Sure, I agree but this would require platform specific code...
As I developped in the other thread, an alternative is to use native libraries where possible - that is when they perform an equivalent job (It would be Quartz or something like that for me).
Such platform specific support will be harder to obtain, because it requires knowledge of VM plugin+external library or low level assembler...
Plus the pain of diving into historical VM architecture (specifically in BitBlt, it's not that easy to get the full picture when you did not participate to the development - like me).
I note that there is plenty of work required in this area, sort of technical debt. For example my MacOSX VMs do not support the little endian image formats yes (those with negative depth) which could be surprising if we didn't knew historical roots...

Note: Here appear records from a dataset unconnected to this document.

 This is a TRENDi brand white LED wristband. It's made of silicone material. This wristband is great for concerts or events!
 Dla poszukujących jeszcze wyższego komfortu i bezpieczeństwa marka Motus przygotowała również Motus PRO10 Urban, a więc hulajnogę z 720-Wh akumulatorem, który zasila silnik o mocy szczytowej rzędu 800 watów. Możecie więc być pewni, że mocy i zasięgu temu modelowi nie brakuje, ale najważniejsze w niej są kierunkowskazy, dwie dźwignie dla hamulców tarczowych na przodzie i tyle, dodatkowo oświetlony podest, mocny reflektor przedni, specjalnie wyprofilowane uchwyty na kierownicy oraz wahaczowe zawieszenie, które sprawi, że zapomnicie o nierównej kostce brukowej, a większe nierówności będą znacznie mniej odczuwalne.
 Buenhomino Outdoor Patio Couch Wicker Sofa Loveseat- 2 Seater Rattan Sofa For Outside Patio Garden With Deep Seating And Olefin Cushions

^Display supportedDisplayDepths

So, in a word, such platform specific support can certainly provide great rewards, but with significative investments.
On the other hand, these little tricks are like harvesting low hanging fruits.
They are made of pure C^H slang, thus valid on every platform which does not yet provide specific accelerated support.
I'm lazy and just musing, so the fastest ROI is appealing.

Remember my little text composition/display benchs?

    | text canvas m1 |
    canvas := FormCanvas extent: 569@399 depth: 32.
text := Compiler evaluate: (FileStream fileNamed: 'text.st') contentsOfEntireFile.
    m1 := TextMorph new.
    m1 text: text textStyle: TextStyle default.
    m1 wrapFlag: true.
    m1 extent: 569@9999999.
   MessageTally spyOn: [ Time millisecondsToRun: [100 timesRepeat: [
        m1 drawOn: canvas]]]
Interpreter VM 4.10.10 Before bit hacks: 1425 1411 1403

Interpreter VM After bit hacks: 1152 1173

15 to 20% less, it's not really impressive, but the hurdle is low, just two bit-hacks applied to rules 20 24 30 & 31

On the contrary. That kind of speed-up in a mature tuned numerical algorithm is impressive. Thanks!

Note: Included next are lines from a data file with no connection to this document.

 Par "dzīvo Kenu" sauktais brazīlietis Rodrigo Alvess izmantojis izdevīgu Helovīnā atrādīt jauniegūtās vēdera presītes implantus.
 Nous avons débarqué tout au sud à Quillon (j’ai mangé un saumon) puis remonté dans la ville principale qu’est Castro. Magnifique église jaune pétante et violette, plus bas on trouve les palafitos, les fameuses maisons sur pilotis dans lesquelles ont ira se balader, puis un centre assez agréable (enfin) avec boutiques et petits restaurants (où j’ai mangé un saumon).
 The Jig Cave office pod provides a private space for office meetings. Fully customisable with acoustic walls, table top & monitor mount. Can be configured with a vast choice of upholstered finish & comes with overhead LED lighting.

2013/12/24 tim Rowledge <tim@rowledge.org>

If you (or anyone else, of course) are interested in really speeding up bitblt, it would likely be worth looking at the ARM specific speedups Ben Avison did for the PI. (Look in platforms/Cross/plugins/BitBltPlugin) and seeing if similar tricks could be done with the assorted media instructions in current i7 etc cpus.

tim
--
tim Rowledge; tim@rowledge.org; http://www.rowledge.org/tim
Experience is something you don't get until just after you need it.

--
best,

Eliot